В тот день со мной случились две замечательные вещи, от которых мое плохое настроение почти улетучилось. Первая – то, что я снова столкнулся с Фрэнком, как раз когда работал у больничной стены. Он просто пробегал мимо, и у него совсем не было времени остановиться и поболтать со мной. Но он вот что сделал – подмигнул мне, почти так же, как за день до этого, и прежде, чем скрылся за углом, сказал:

– Кое-кто все еще весьма доволен собой.

Так я понял, что Мэри не побежала первым делом рассказывать ему, как все было на самом деле, несмотря даже на то, что ей было стыдно.

Вот это была первая вещь, а вторая – то, что сделала Мэри.
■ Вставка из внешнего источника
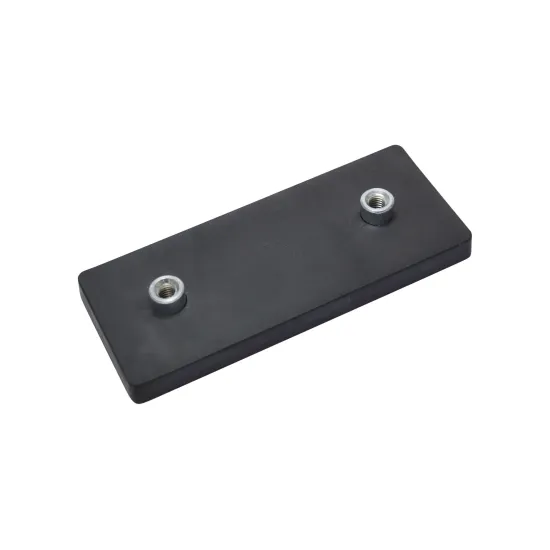 Magnetsystem aus NdFeB, Gummimantel schwarz, mit 2 Gewindebuchse, rechteckig 110 x 45 mm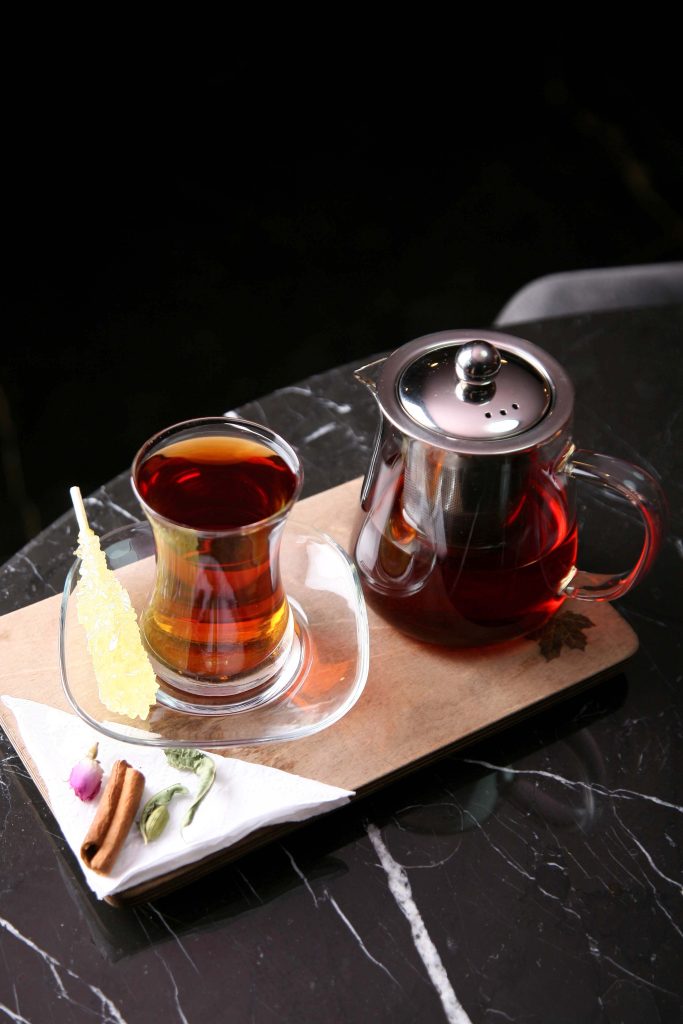 چای سیاه+شیر+زعفران+هل+گلاب+سیروپ گل رز

Позже, когда я все еще работал у стены, привязывал вьюнки к опорам, которые их поддерживают, она снова вышла. И вот что она сделала – она спросила, как насчет того, чтобы попозже, вместо того, чтобы я снова готовил для нас двоих, как бы я отнесся к тому, чтобы отдохнуть и пойти вместе с ней в особенное место, которое она знает и где она купит еды для нас обоих.

Сперва я немного волновался по этому поводу, но потом она сказала, что мне очень понравится и я смогу заказать любую вещь, которую захочу. Так что в конце концов я сказал, что пойду. И как только она ушла, от такой мысли мне сделалось очень счастливо, и я почти совсем перестал нервничать.

Она сказала, что закончит пораньше и чтобы я был готов. И тогда мы пойдем. Так что, как только я закончил с вьюнками, я убрал инструменты и спустился к себе, чтобы привести себя в порядок.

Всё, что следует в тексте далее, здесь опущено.